Tiefere Stimmbeteiligung mit dem Frauenstimmrecht

Eine Befürchtung der Gegner trat allerdings nach 1971 tatsächlich ein: Die Stimmbeteiligung an den Eidgenössischen Abstimmungen sackte mit dem Frauenstimmrecht ab. Während die durchschnittliche Beteiligung vor 1971 bei ca. 48% lag, sank sie danach auf ca. 41%. Erst in den 1990-er Jahren, nach der EWR-Abstimmung und mit dem Aufstieg der SVP, stieg die Stimmbeteiligung wieder an, heute liegt sie im 10-Jahres-Schnitt bei knapp 46% (hier die Zahlen des BfS). 

Junge Frauen politisch engagierter als junge Männer

Auch heute noch beteiligen sich die Frauen tendenziell weniger an den Urnengängen als die Männer. Die Daten der Stadt St. Gallen (die als einzige die Stimmbeteiligung nach Geschlecht systematisch auswertet) zeigen eine generell leicht tiefere weibliche Stimmbeteiligung. Interessant ist aber, dass bei den jüngeren Frauen die Beteiligung höher ist als bei den gleichaltrigen Männern. Das heisst: Die jungen Frauen sind politisch engagierter, und so dürfte der Beteiligungs-Unterschied zwischen den Geschlechtern in einigen Jahren verschwunden sein. 

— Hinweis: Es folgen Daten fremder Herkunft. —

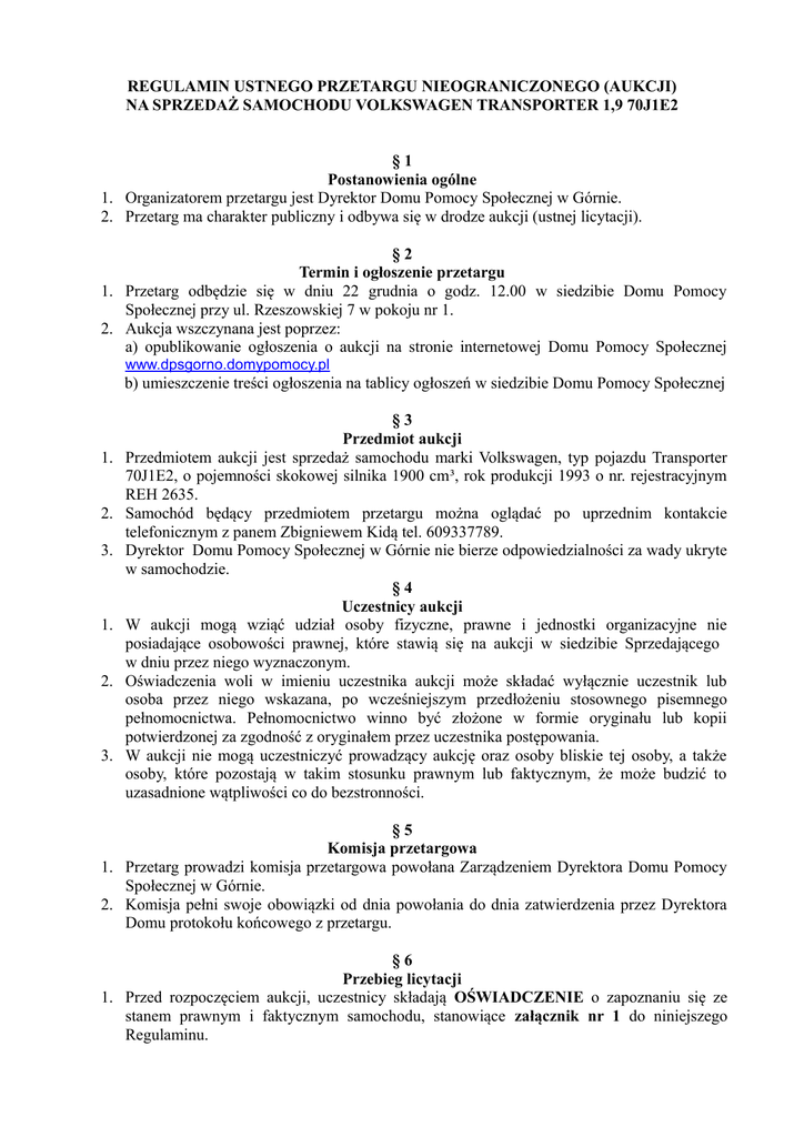 REGULAMIN USTNEGO PRZETARGU NIEOGRANICZONEGO (AUKCJI) NA SPRZEDAŻ SAMOCHODU VOLKSWAGEN TRANSPORTER 1,9 70J1E2 §1 Postanowienia ogólne 1. Organizatorem przetargu jest Dyrektor Domu Pomocy Społecznej w Górnie. 2. Przetarg ma charakter publiczny i odbywa się w drodze aukcji (ustnej licytacji). §2 Termin i ogłoszenie przetargu 1. Przetarg odbędzie się w dniu 22 grudnia o godz. 12.00 w siedzibie Domu Pomocy Społecznej przy ul. Rzeszowskiej 7 w pokoju nr 1. 2. Aukcja wszczynana jest poprzez: a) opublikowanie ogłoszenia o aukcji na stronie internetowej Domu Pomocy Społecznej www.dpsgorno.domypomocy.pl b) umieszczenie treści ogłoszenia na tablicy ogłoszeń w siedzibie Domu Pomocy Społecznej 1. 2. 3. 1. 2. 3. §3 Przedmiot aukcji Przedmiotem aukcji jest sprzedaż samochodu marki Volkswagen, typ pojazdu Transporter 70J1E2, o pojemności skokowej silnika 1900 cm³, rok produkcji 1993 o nr. rejestracyjnym REH 2635. Samochód będący przedmiotem przetargu można oglądać po uprzednim kontakcie telefonicznym z panem Zbigniewem Kidą tel. 609337789. Dyrektor Domu Pomocy Społecznej w Górnie nie bierze odpowiedzialności za wady ukryte w samochodzie. §4 Uczestnicy aukcji W aukcji mogą wziąć udział osoby fizyczne, prawne i jednostki organizacyjne nie posiadające osobowości prawnej, które stawią się na aukcji w siedzibie Sprzedającego w dniu przez niego wyznaczonym. Oświadczenia woli w imieniu uczestnika aukcji może składać wyłącznie uczestnik lub osoba przez niego wskazana, po wcześniejszym przedłożeniu stosownego pisemnego pełnomocnictwa. Pełnomocnictwo winno być złożone w formie oryginału lub kopii potwierdzonej za zgodność z oryginałem przez uczestnika postępowania. W aukcji nie mogą uczestniczyć prowadzący aukcję oraz osoby bliskie tej osoby, a także osoby, które pozostają w takim stosunku prawnym lub faktycznym, że może budzić to uzasadnione wątpliwości co do bezstronności. §5 Komisja przetargowa 1. Przetarg prowadzi komisja przetargowa powołana Zarządzeniem Dyrektora Domu Pomocy Społecznej w Górnie. 2. Komisja pełni swoje obowiązki od dnia powołania do dnia zatwierdzenia przez Dyrektora Domu protokołu końcowego z przetargu. §6 Przebieg licytacji 1. Przed rozpoczęciem aukcji, uczestnicy składają OŚWIADCZENIE o zapoznaniu się ze stanem prawnym i faktycznym samochodu, stanowiące załącznik nr 1 do niniejszego Regulaminu. 2. Przed rozpoczęciem aukcji członkowie komisji przetargowej zbierają informacje o danych osobowych uczestników przetargu. Spisują numery dokumentów tożsamości, zbierają pełnomocnictwa (jeśli będą potrzebne) oraz w przypadku osób prawnych i innych jednostek organizacyjnych nie posiadających osobowości prawnej – aktualne wypisy z właściwych rejestrów. Komisja sprawdza również prawidłowość złożonego oświadczenia. 3. Aukcję prowadzi przewodniczący komisji przetargowej. 4. Po otwarciu licytacji prowadzący aukcję podaje licytantom do wiadomości: a) przedmiot aukcji, b) cenę wywoławczą, c) warunki dotyczące wysokości postąpienia, d) termin podpisania umowy i uiszczenia ceny nabycia, e) nazwy lub imiona i nazwiska licytantów, którzy zostali dopuszczeni do aukcji, 5. Stawienie się jednego uczestnika pozwala na przeprowadzenie aukcji. 6. Licytacja rozpoczyna się od podania ceny wywoławczej. 7. Ustala się minimalną wysokość postąpienia w wysokości 50 zł. Zaoferowana cena przestaje wiązać, gdy inny licytant zaoferował cenę wyższą. 8. Po ustaniu postąpień prowadzący aukcję uprzedzając licytantów, po trzecim ogłoszeniu zamyka aukcję i udziela przybicia licytantowi, który zaoferował najwyższą cenę. Z chwilą przybicia następuje zawarcie umowy sprzedaży przedmiotu aukcji. 9. Nabywca ponosi wszystkie koszty dotyczące pokrycia zobowiązań związanych z przeniesieniem prawa własności przedmiotu przetargu. 10. Nabywca jest zobowiązany zapłacić cenę nabycia niezwłocznie po udzieleniu mu przybicia, po uprzednim zawarciu umowy sprzedaży. 11. Przekazanie przedmiotu aukcji nabywcy nastąpi niezwłocznie po zapłaceniu ceny nabycia. 12. Jeśli pierwszy przetarg nie zostanie zakończony zawarciem umowy sprzedaży, ogłasza się drugi przetarg. §7 Protokół 1. Po zakończeniu aukcji komisja sporządza i podpisuje protokół z przeprowadzonego postępowania. Data jego podpisania jest datą zakończenia przetargu. Protokół z przebiegu aukcji powinien zawierać: a) datę i miejsce aukcji, b) imiona i nazwiska oraz podpisy członków komisji przetargowej, c) wysokość ceny wywoławczej, d) wysokość najwyższej wylicytowanej kwoty za przedmiot aukcji, e) imię i nazwisko (firmę) i miejsce zamieszkania nabywcy lub jego siedzibę, f) wysokość ceny nabycia i oznaczenie kwoty, jaką nabywca uiścił na poczet ceny, g) wnioski i oświadczenia członków komisji przetargowej. 2. Protokół zatwierdza Dyrektor Domu Pomocy Społecznej w Górnie. 3. Organizator przetargu może go unieważnić lub odwołać bez podania przyczyn. §8 Warunki odbioru samochodu 1. Wydanie przedmiotu sprzedaży nabywcy następuje niezwłocznie po podpisaniu umowy kupna - sprzedaży i zapłaceniu ceny nabycia. Załączniki do Regulaminu: 1. załącznik nr 1 – formularz oświadczenia 2. załącznik nr 2 – wzór umowy Załącznik nr 1 do Regulaminu ustnego przetargu nieograniczonego (aukcji) na sprzedaż samochodu OŚWIADCZENIE ….......................................................................................................................................................... Nabywca (imię i nazwisko lub nazwa firmy) ….......................................................................................................................................................... NIP, Regon (jeśli dotyczy) lub nr dowodu osobistego w przypadku osób fizycznych ….................................................................................................................
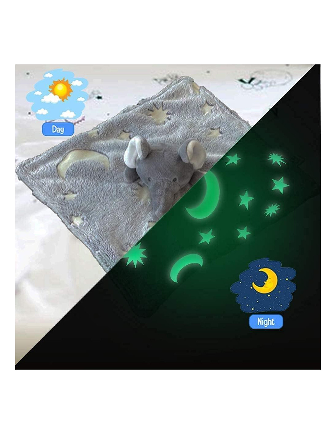 - Diseño Bonito de Manta de Animal de Peluche: Nuestra manta gris brilla en la oscuridad con estrellas y luna en ella, por lo que tu bebé siempre tendrá una fuente de luz suave y nunca tendrá miedo de la oscuridad. Para que la manta de seguridad brille en la oscuridad, déjala plana al sol o en luz brillante durante 15 a 20 minutos.

(In einer früheren Fassung des Artikels habe ich mich an dieser Stelle beschwert, dass die Voto-Studien zu den Eidgenössischen Abstimmungen die Stimmbeteiligung nach Geschlecht nicht ausweisen. Inzwischen bin ich eines besseren belehrt worden: Die geschlechterspezifische Stimmbeteiligung wird erfasst und im Anhang 0-2 auch ausgewiesen.) 

Vielfältiger und glaubwürdiger

Und dann noch die Frage, ob das Frauenstimmrecht die Politik positiv oder negativ beeinflusst hat? Was für eine bescheuerte Frage! Eine Demokratie, die die Hälfte der Bürger von der politischen Partizipation ausschliesst, ist (nach heutigen Massstäben) keine Demokratie. Die Politik ist vielfältiger und glaubwürdiger, wenn sie die Frauen einschliesst. Dass die Frauen tendenziell etwas linker abstimmen und wählen als die Männer, mag die einen ärgern; am Grundsatz ändert es nichts.

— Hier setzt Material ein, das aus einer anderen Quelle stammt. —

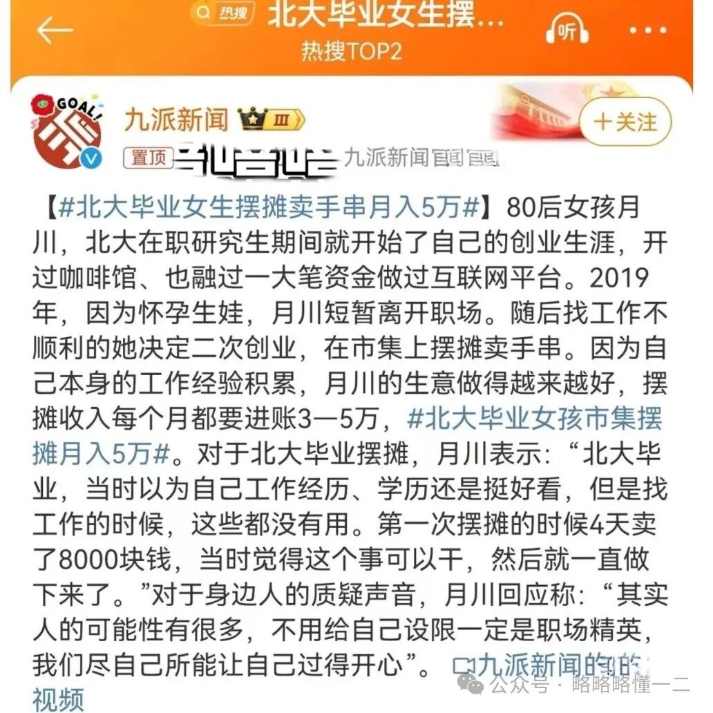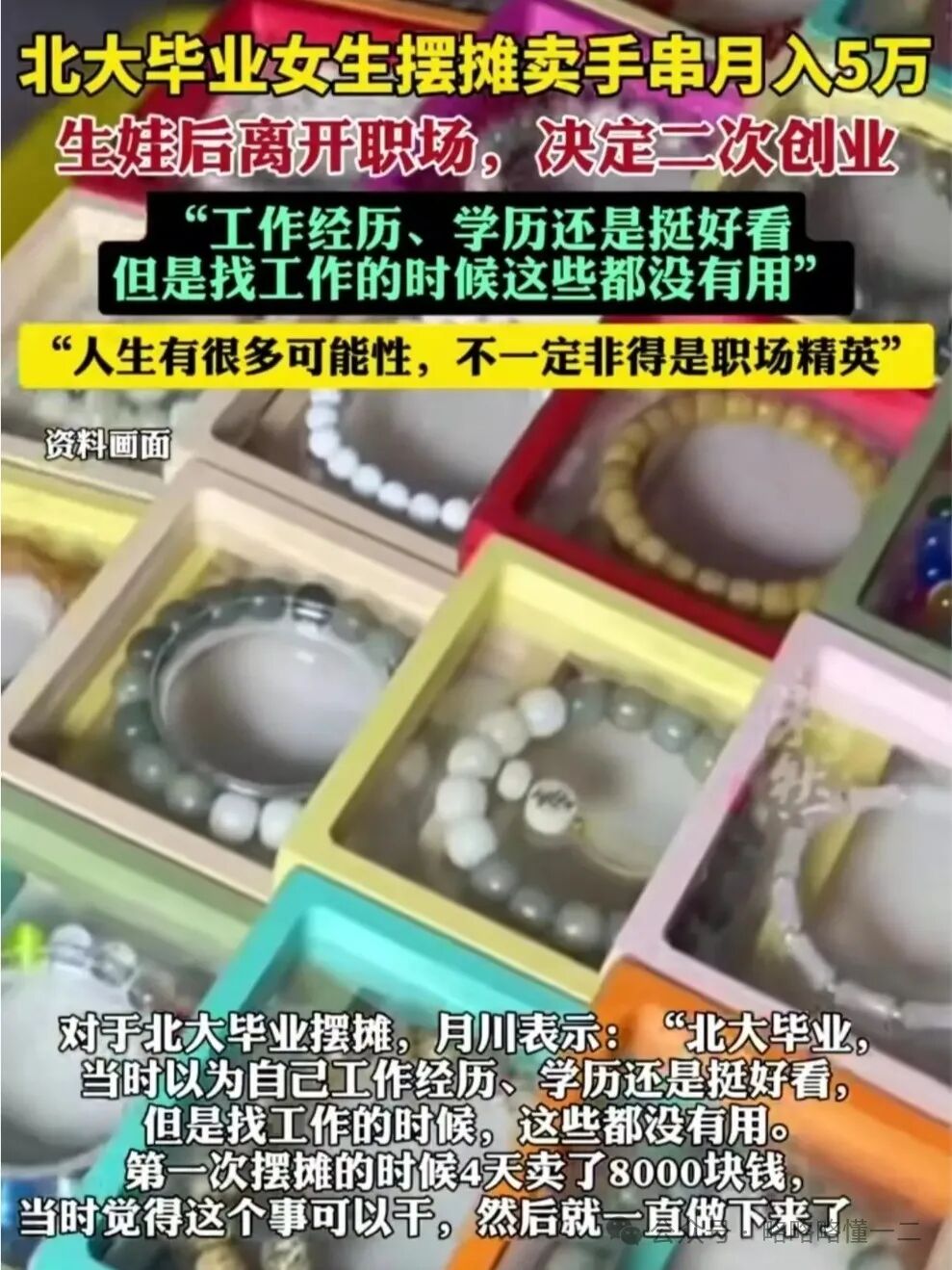 网友说重点就是想告诉大家“自谋生路”,就连北大毕业的学生都摆摊卖手串了,何况是普通双非院校的学生,还有一些专科生。

Und zum Schluss noch eine wirklich gute Nachricht: die politische Partizipation der Frauen ist weltweit im Aufwind. Im neusten Demokratie-Index der «Economist Intelligence Unit» war sie unter 60 Kriterien dasjenige, das in den letzten zehn Jahren am meisten zugelegt hat. 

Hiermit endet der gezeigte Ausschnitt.